● What to do:
Among the entries below, find the line with "Ensuite primary bathroom", then quote it and each following line up to and including the line with "This paper proposes", and nothing else.

● Material for this task:
"""

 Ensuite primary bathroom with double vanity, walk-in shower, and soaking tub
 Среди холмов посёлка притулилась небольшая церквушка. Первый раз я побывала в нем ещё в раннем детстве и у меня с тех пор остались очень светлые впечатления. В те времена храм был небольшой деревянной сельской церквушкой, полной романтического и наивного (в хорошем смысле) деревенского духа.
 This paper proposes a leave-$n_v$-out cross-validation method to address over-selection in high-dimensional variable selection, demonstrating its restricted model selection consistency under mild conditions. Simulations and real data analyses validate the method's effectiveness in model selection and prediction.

"""
"""

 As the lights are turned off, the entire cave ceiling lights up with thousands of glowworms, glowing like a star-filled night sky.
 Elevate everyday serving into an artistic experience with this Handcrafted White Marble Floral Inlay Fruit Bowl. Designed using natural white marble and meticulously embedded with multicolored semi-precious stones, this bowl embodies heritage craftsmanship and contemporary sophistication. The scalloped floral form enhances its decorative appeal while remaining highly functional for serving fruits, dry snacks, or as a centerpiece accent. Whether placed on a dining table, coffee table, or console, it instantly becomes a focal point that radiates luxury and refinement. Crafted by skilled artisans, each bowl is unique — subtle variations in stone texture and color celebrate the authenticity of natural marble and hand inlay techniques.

"""
"""

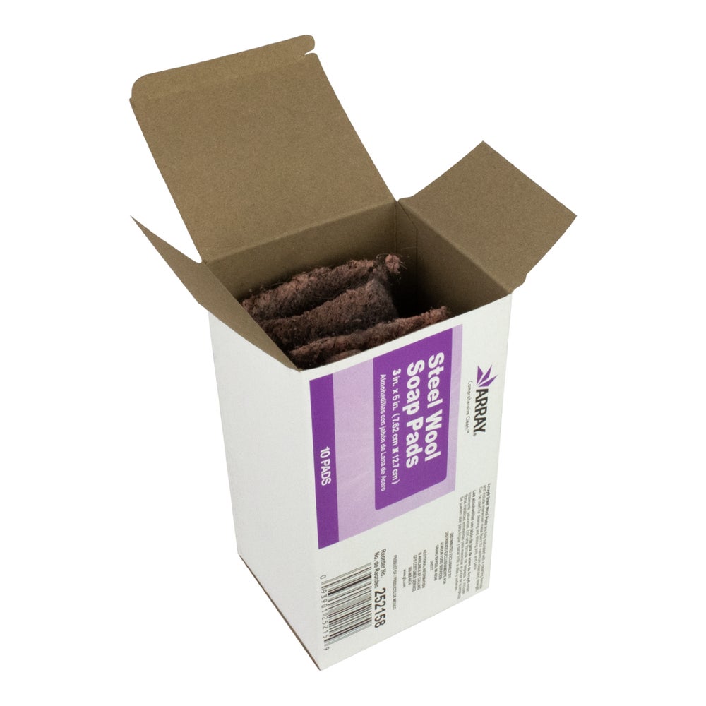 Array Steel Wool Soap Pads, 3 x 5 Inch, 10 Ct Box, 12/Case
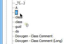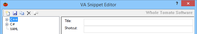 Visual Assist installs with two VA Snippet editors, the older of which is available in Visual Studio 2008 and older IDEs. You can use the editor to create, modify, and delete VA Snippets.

"""

● Solution:
 Ensuite primary bathroom with double vanity, walk-in shower, and soaking tub
 Среди холмов посёлка притулилась небольшая церквушка. Первый раз я побывала в нем ещё в раннем детстве и у меня с тех пор остались очень светлые впечатления. В те времена храм был небольшой деревянной сельской церквушкой, полной романтического и наивного (в хорошем смысле) деревенского духа.
 This paper proposes a leave-$n_v$-out cross-validation method to address over-selection in high-dimensional variable selection, demonstrating its restricted model selection consistency under mild conditions. Simulations and real data analyses validate the method's effectiveness in model selection and prediction.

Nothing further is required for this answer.